According to the present invention, it is possible to obtain a molded article having more excellent transferability while maintaining the surface accuracy of the mold.

Claims (10)

[Claims] 1. A heat insulating layer is provided on at least a part of a mold wall surface constituting a cavity, a center line average roughness (Ra) of a mirror surface portion on the outermost surface of the cavity is 0.1 μm or less, and a maximum height (Rmax). Melt molding a thermoplastic resin using a mold having a diameter of 1.0 μm or less. 2. The heat insulation layer is formed on a mold cavity wall surface having a center line average roughness (Ra) of a mirror surface portion of 0.1 μm or less and a maximum height (Rmax) of 1.0 μm or less. The method of claim 1, wherein: 3. The method according to claim 1, wherein the heat insulating layer is made of a resin or a composition thereof. 4. The resin according to claim 3, wherein the resin is a polyimide resin.

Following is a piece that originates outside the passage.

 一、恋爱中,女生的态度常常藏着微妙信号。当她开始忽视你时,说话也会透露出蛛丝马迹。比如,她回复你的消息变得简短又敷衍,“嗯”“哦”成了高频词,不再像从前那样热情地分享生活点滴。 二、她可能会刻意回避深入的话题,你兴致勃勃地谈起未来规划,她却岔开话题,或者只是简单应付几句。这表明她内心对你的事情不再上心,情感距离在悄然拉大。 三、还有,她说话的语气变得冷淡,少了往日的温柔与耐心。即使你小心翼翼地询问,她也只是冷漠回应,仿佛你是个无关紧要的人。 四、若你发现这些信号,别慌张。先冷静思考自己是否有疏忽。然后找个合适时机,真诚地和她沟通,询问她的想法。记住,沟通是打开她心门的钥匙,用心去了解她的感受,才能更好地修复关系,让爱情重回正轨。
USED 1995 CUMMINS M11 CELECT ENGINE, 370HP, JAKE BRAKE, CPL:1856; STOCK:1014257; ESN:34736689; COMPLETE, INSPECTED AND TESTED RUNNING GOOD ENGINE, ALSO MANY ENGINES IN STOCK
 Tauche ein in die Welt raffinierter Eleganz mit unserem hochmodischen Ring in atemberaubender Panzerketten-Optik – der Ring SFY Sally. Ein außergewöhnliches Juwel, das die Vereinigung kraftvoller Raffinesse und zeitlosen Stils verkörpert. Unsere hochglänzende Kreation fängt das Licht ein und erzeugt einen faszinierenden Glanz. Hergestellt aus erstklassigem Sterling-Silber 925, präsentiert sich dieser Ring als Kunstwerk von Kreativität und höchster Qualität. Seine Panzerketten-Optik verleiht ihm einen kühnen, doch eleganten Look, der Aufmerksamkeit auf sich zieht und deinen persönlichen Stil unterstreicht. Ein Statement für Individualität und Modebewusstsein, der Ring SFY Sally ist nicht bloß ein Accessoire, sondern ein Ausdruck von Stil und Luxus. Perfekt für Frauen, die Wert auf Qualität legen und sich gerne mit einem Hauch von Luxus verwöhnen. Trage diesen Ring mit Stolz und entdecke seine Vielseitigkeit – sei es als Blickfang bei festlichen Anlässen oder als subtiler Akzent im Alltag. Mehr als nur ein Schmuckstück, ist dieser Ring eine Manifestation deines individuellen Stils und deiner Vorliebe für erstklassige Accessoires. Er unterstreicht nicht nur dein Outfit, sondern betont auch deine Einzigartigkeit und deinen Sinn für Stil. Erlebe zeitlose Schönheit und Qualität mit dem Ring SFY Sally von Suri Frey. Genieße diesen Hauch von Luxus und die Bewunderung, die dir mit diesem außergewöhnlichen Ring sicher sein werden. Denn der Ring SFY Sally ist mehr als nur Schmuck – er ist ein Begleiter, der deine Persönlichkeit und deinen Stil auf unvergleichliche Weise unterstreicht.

The described method. 5. The method according to claim 1, wherein the heat insulating layer is formed by vapor deposition polymerization. 6. The method according to claim 1, wherein the thermoplastic resin is an alicyclic structure-containing polymer resin. 7. Molded by the method according to claim 1, wherein Ra is 0.1 μm or less and Rmax is 1.0.
A molded article for optical use, which is not more than μm. 8. The maximum length of a portion having a thickness of 2 mm or less is 100.
The molded article for optical use according to claim 7, which is not less than mm. 9. Molded by the method according to claim 1, wherein Ra is 0.02 μm or less and Rmax is 0.2.
A substrate for a magnetic recording medium, which is not more than μm. 10. A heat insulation layer is provided on at least a part of a mold wall surface constituting a cavity, a center line average roughness (Ra) of a mirror surface portion on the outermost surface of the cavity is 0.1 μm or less, and a maximum height (Rmax). Is 1.0 μm or less.